= Kuznechik (camel) =

Kuznechik (Кузнечик, meaning "grasshopper") was a Bactrian camel that became known for following the Soviet Red Army in its advance towards Germany in World War II.

==Camels in World War II==
Sometime after the Battle of Stalingrad, many military units of the Soviet Red Army took to using camels in the southern theatre of the war in order to transport ammunition, fuel for tanks and aircraft, food, water for kitchens, fuel, and even wounded Red Army soldiers. The use of these animals as transport means was made necessary by the Kalmyk steppes' open terrain, their primitive roads and lack of water, as well as a shortage of adequate auxiliary vehicles in the Soviet armed forces.

In a notable case, a so-called "camel battalion" of around "one thousand camels" was carrying, for a "respectable distance," some "twelve thousand tons of various cargo," which would otherwise have required the use of approximately "134 trucks."

==From Stalingrad to Berlin==
The 308th Rifle Division, formed on 21 March 1942 as part of the 1st Guards Army of the Soviet Red Army, started using a Bactrian camel brought over from Kazakhstan which the soldiers called kuznechik (Russian for "grasshopper"), for transport of food and cookery material.

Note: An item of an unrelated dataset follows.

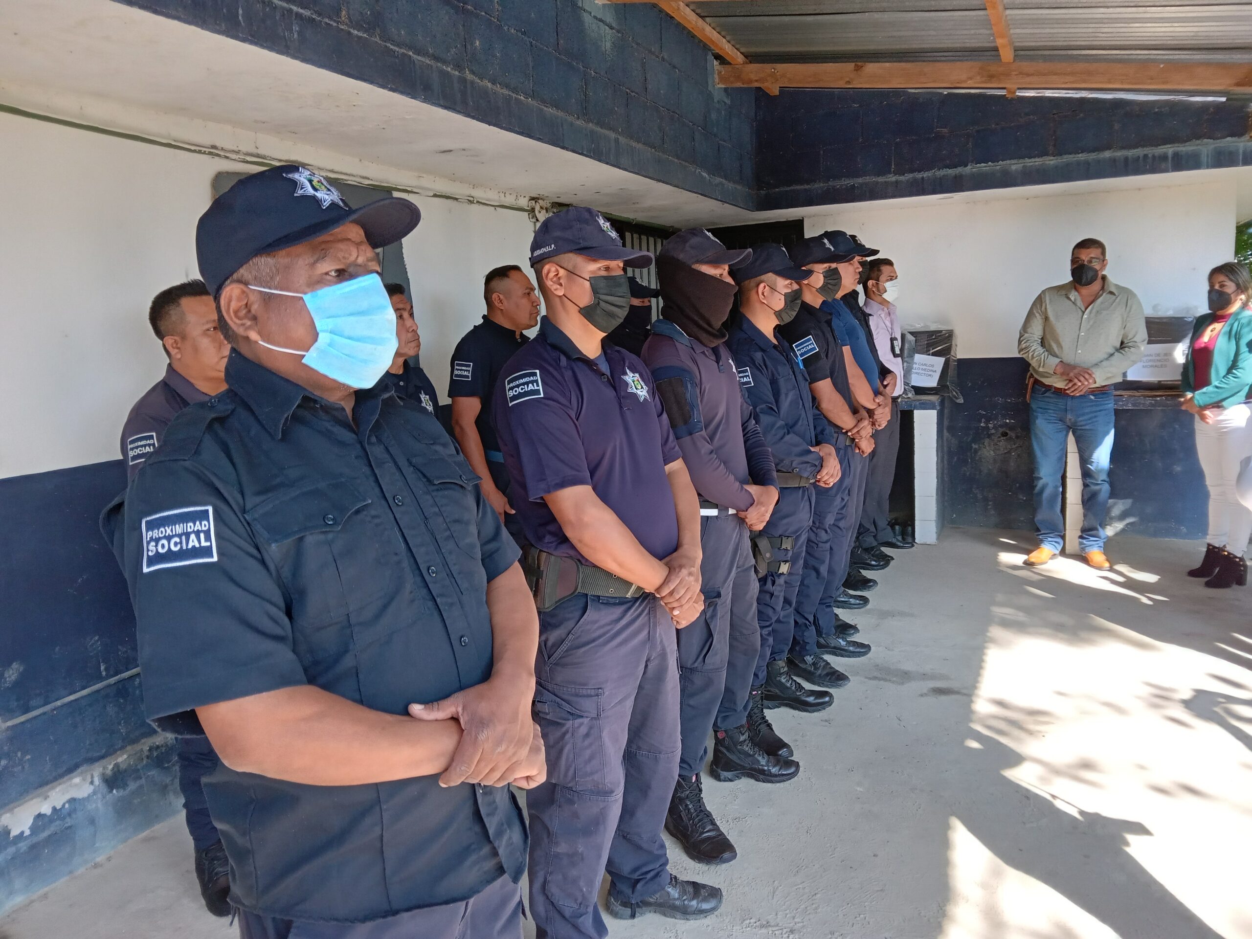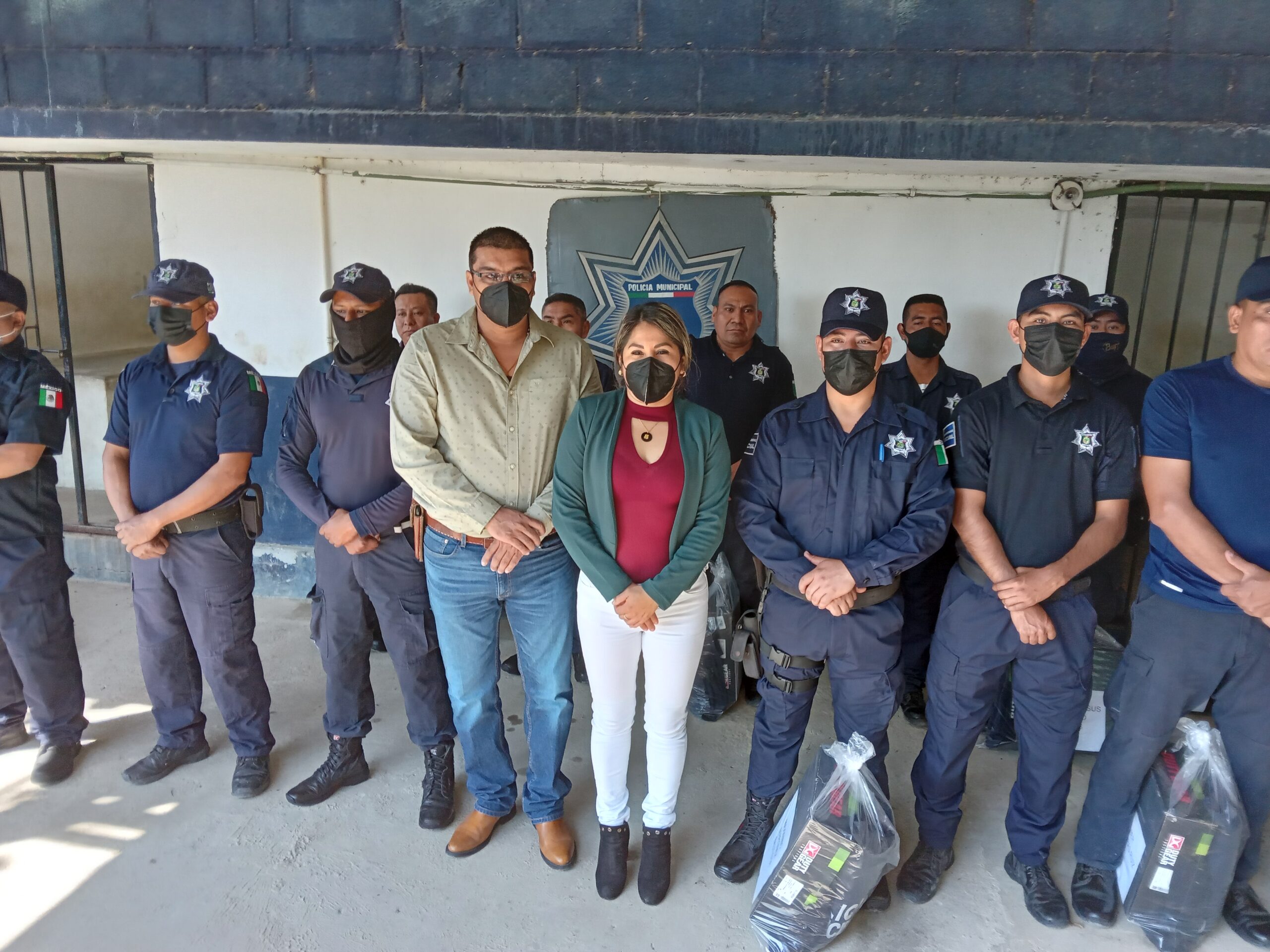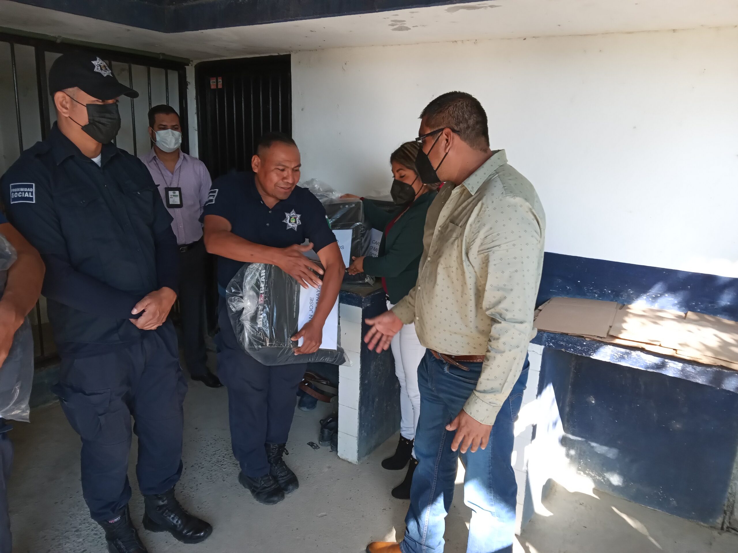 Temo Balderas entrega de uniformes a personal de seguridad pública municipal.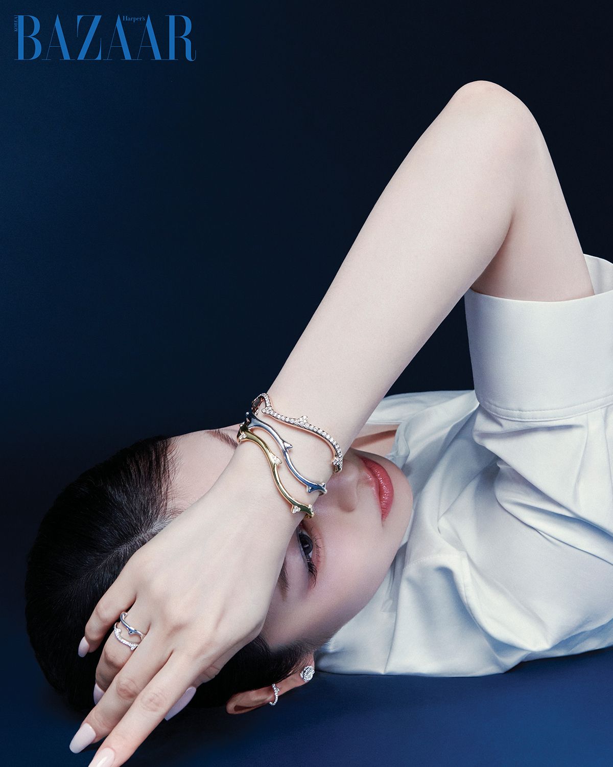 핑크 골드 ‘브아 드 로즈’ 이어커프, 화이트 골드 ‘브아 드 로즈’ 이어링, 꽃 모티프 ‘로즈 디올 바가텔’ 이어링, 옐로 골드 ‘브아 드 로즈’ 브레이슬릿, 덩굴 라인에 꽃이 포인트인 ‘로즈 디올 바가텔’ 브레이슬릿, 오른손 약지의 ‘브아 드 로즈’ 링, 오른손 검지의 ‘로즈 디올 바가텔’ 링, 왼손 중지의 ‘로즈 디올 바가텔’ 링은 모두 Dior Joaillerie.

It is said that the camel also made it easier for soldiers returning to the camp to locate their unit from the "tall and imposing animal, visible at a great distance".

The 308th Rifle Division, in honor of its heroic performance, was renamed the 120th Guards Rifle Division and, as part of the 3rd Army of Rokossovsky’s Front, took active part in the Battle of Stalingrad under Colonel Leonty Gurtyev (where it defended the Barrikady factory), the liberation of Orel, Operation Bagration, the campaign for the recapture of Belarus, the East Prussian Offensive and finally the Battle of Berlin.

Kuznechik, carrying out its logistics duties in the rear, was to follow this mostly Siberian military formation all the way to Berlin, where its driver is said to have led the animal to the Reichstag to spit on the ruined building.

Other sources relate that Kuznechik was killed in a 1945 German air raid, near the Baltic Sea.

==Decorations==
Kuznechik reportedly was awarded three wound stripes for injuries during various bombardments of the division as well as the Medal "For the Defence of Stalingrad".